Women appear to be protected from poor performance with COVID-19 compared to men, even after adjusting for confusing risk factors, according to Malin Sund, MD, PhD, Visiting Professor in the Department of Surgical and Perioperative Sciences at UmeƄ University in Sweden, and colleagues.

Postmenopausal women who have been prescribed estrogen have a lower risk of death after a COVID-19 infection.
Postmenopausal women who have been prescribed estrogen therapy have a significantly lower risk of death after receiving COVID-19 compared to controls. Data were derived from Sund M, et al.

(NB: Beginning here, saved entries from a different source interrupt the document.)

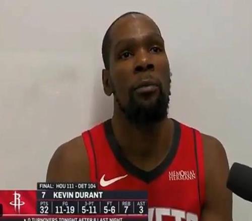北京時間今日,在NBA常規(guī)賽中,休斯頓火箭隊在客場以111-104擊敗了底特律活塞隊,終結(jié)了對方的四連勝。賽后,火箭球星杜蘭特接受了采訪。
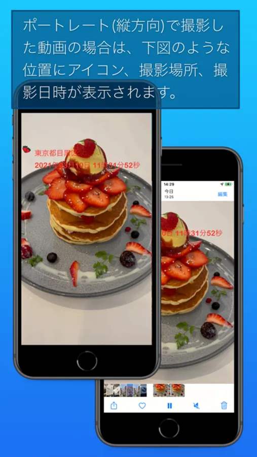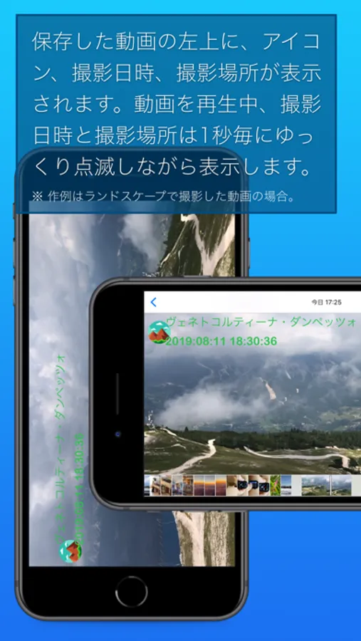 動画に撮影日時と撮影場所、アイコンなどを貼り付けたら、新しい動画としてフォトライブラリーに保存します。オリジナルの動画はそのままです。
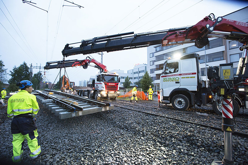 Fassi Tampere Tampere (Finland) - July 2015. Two Fassi heavy-duty loader cranes, belonging of the Finnish company Kurko-Koponen Oy based in Furto and specializing in lifting equipments, have attended at the job shown in the photos to replace railway switch. Courtesy of Grutech Oy (J. Andersson).
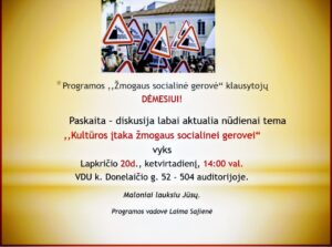 Programos  „Žmogaus socialinė gerovė“ užsiėmimas įvyks lapkričio 14 d. (ketvirtadienį) 14:00 val. VDU, K. Donelaičio g. 52., 402 a.
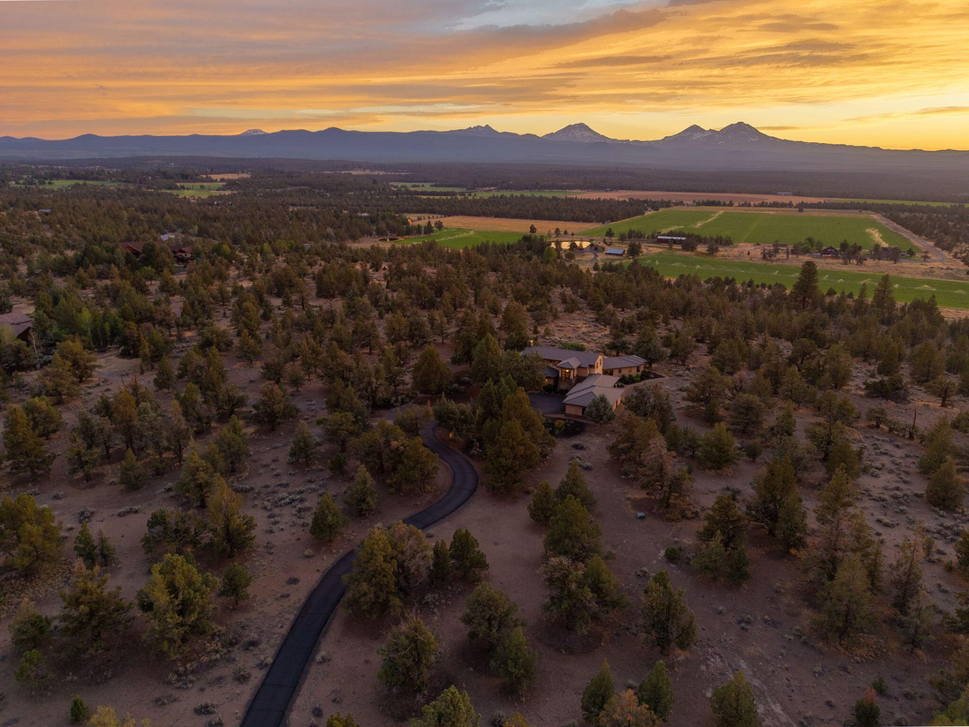 Truly unmatched quality, privacy and serenity in this timeless Sunwest Builders custom home between Bend and Sisters. Situated on almost 10 acres in the exclusive Grand Ridge neighborhood overlooking the Cascade mountains, its location offers access to all central Oregon has to offer. Home features predominantly single level living with mountains views from almost every room in the house. High ceilings, exposed beams and custom woodwork are just a few of the features highlighted this European styled masterpiece. Great separation of space with the main bedroom separated from the rest of the house. Main bedroom suite features workout room with sauna, a private patio with hot top, his and hers closets, a large walk-in shower and soaking tub. This property is a must see.

BMJ open. 2022; doi: 10.1136 / bmjopen-2021-053032.

“This implies biological differences between the sexes in terms of sensitivity to severe COVID-19,” they wrote.

Healthy and colleagues performed the analysis to better understand the role of estrogen augmentation in postmenopausal women with COVID-19, as the hormone has been identified as a potential therapeutic candidate.

The study involved 14,685 postmenopausal women from a Swedish nationwide cohort who were between 50 and 80 years old and had verified COVID-19. The women were divided into three groups: group 1 included 227 women previously diagnosed with breast cancer and receiving endocrine therapy (decreased systemic estrogen levels); group 2 included 2,535 women receiving menopausal hormone therapy (elevated systemic estrogen levels); and a control group. Researchers adjusted for potential confounders, including age, annual disposable income, highest level of education and the weighted Charlson Comorbidity Index (wCCI).

Deaths after COVID-19 served as the primary outcome measure.

Results revealed that unadjusted surgery for death after COVID-19 was 2.35 (95% CI, 1.51-3.65) for group 1 and 0.45 (95% CI, 0.34-0.6) for group 2 compared to the control group. After adjustment, only OR for death in group 2 maintained statistical significance (0.47; 95% CI, 0.34-0.63). In addition, the absolute risk of death was 4.6% in the control group compared to 10.1% in group 1 and 2.1% in group 2.

In other mortality data, factors associated with the risk of death due to COVID-19 included older age and higher wCCI. Specifically, with each year of increase in age, the OR for dying was 1.15 (95% CI, 1.14-1.17), while each increase in wCCI resulted in an OR for dying of 1.13 (95% CI, 1, 10-1.16). In addition, low income and only having a primary education also increased the chances of dying from COVID-19.

“This study shows a link between estrogen levels and COVID-19 death,” the researchers wrote. “Therefore, drugs that increase estrogen levels may play a role in therapeutic efforts to alleviate COVID-19 severity in postmenopausal women and could be studied in randomized controlled trials.”

The limitations of the study included, according to the researchers, lack of information on compliance with pharmaceutical modulation of estrogen; inaccessible information on the exact duration of postmenopausal hormone therapy; and the lack of measurement of circulating estrogen levels.